Um paciente relatou ter quase perdido o pênis após se submeter a três sessões de preenchimento com a PMMA (polimetilmetacrilato) para aumento peniano. Ele sofreu uma grave infecção que evoluiu para necrose após preenchimento peniano, uma das complicações mais severas associadas à harmonização íntima.
O caso reacendeu o debate sobre os riscos desses procedimentos realizados sem a devida qualificação profissional e sem seguir normas de segurança.
Os procedimentos de aumento peniano não cirúrgico vêm crescendo no Brasil, impulsionados pelo desejo dos homens de melhorar a autoestima masculina e a aparência do pênis.
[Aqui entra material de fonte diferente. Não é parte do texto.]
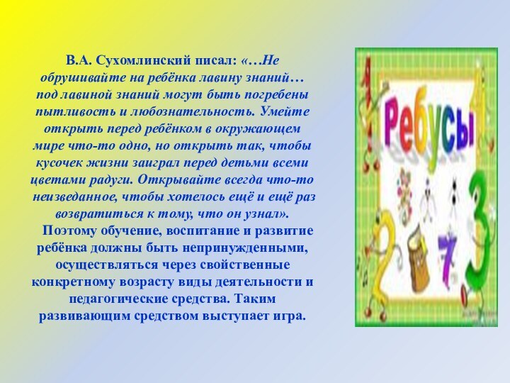 В.А. Сухомлинский писал: «…Не обрушивайте на ребёнка лавину

Técnicas como a aplicação de ácido hialurônico no pênis prometem resultados rápidos e menos invasivos, mas escondem riscos da harmonização íntima quando realizados por profissionais não certificados ou em locais inadequados. A popularização da estética genital masculina também tem alimentado as demandas por cirurgias íntimas masculinas.
Diante desse cenário, especialistas e órgãos de saúde têm reforçado a necessidade urgente de uma regulamentação de procedimentos íntimos mais clara e rigorosa no Brasil. Essa regulamentação visa evitar que a pressão estética e a falta de informação coloquem a vida dos pacientes em risco.
Enquanto isso, homens interessados em aumento peniano não cirúrgico e outros procedimentos íntimos devem consultar especialistas qualificados, que avaliam cuidadosamente os benefícios e riscos da harmonização íntima e priorizam a segurança do paciente.